Superintendent Tom Leonard, who was contacted by the software developer, said he'd be more comfortable proceeding only after the board issued a formal request for proposals in the community to create a more competitive process.

“I recognized there was a potential value,” Leonard said of the app. “At the same time, I recognized that it was moving us to a place we haven't been before.”

On Monday, Leonard demonstrated for school board members a prototype of the app, which can be used in either of two ways.

A person who feels threatened can set the app to stay dormant only if his or her thumb is kept pressed on the phone. If the phone is released for 20 seconds, an alert — including the phone's location — would be sent to local police and close acquaintances.

The app also can be set to send an alert if the time taken to complete a familiar task — like walking home from school — is exceeded.

Leonard admitted to school board members that in a previous demonstration he'd mistakenly kept his thumb off the phone too long and sent the alert to his panicked sister.

Board member Sandra Bradford asked whether local police might constantly be running after false alerts from students if one of the district's administrators could make such a mistake.

While the district isn't being asked to purchase anything, it is being asked to pass along the LifeLine information to parents. The developer is offering students free service for a year. After that, there would be a charge of $9 per year per student, Leonard said.

Although Leonard said he finds some aspects of the proposed marketing arrangement uncomfortable, he thinks it is a matter the school board should consider.

“It's hard for me to walk away from something like this with some of the strange things that have happened,” he said, noting occasional incidents over the years in which students have been followed by strangers after school.

Board members agreed to think about the proposal and possibly take action, or seek further information about it, at their next meeting on Tuesday, Feb. 19.

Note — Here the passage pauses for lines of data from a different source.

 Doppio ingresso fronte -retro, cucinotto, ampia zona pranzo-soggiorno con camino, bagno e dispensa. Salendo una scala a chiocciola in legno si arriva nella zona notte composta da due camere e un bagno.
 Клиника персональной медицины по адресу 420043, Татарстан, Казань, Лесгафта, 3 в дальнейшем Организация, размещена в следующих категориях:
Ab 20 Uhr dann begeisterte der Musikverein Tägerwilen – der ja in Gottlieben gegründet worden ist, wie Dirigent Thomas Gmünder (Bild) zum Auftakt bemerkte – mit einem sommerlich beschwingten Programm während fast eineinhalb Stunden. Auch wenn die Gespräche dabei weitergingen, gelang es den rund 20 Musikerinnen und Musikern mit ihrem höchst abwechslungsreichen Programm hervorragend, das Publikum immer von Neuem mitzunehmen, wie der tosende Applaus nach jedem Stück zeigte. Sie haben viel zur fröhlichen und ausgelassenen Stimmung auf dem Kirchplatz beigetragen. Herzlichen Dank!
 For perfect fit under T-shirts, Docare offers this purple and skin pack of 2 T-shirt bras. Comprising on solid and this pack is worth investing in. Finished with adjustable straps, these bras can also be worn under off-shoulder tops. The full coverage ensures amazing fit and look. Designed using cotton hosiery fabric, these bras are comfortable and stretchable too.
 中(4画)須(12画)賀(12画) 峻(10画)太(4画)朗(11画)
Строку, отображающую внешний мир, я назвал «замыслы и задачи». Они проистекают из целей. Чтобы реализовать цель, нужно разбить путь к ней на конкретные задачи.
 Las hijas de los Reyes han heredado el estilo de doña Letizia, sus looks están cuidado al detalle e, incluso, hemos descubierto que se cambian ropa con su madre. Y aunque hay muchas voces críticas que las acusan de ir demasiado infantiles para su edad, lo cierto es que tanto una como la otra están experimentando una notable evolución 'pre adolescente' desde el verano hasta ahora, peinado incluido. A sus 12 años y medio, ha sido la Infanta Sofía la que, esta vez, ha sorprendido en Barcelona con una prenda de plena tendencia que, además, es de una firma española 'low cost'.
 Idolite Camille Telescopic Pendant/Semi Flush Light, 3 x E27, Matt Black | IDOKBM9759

Even if the idea is pursued, the district would be as hands-off about the marketing of the app as possible, Leonard said.

“What we would probably do is some kind of email communication describing it with a link to where they can go,” he explained.

Leonard said a lawyer confirmed the district would not be liable in case of any malfunction of the app.

The developer of the LifeLine smartphone app is asking Barrington Unit District 220 officials to share information with parents and students about a smartphone app that would alert police and others when a child is threatened.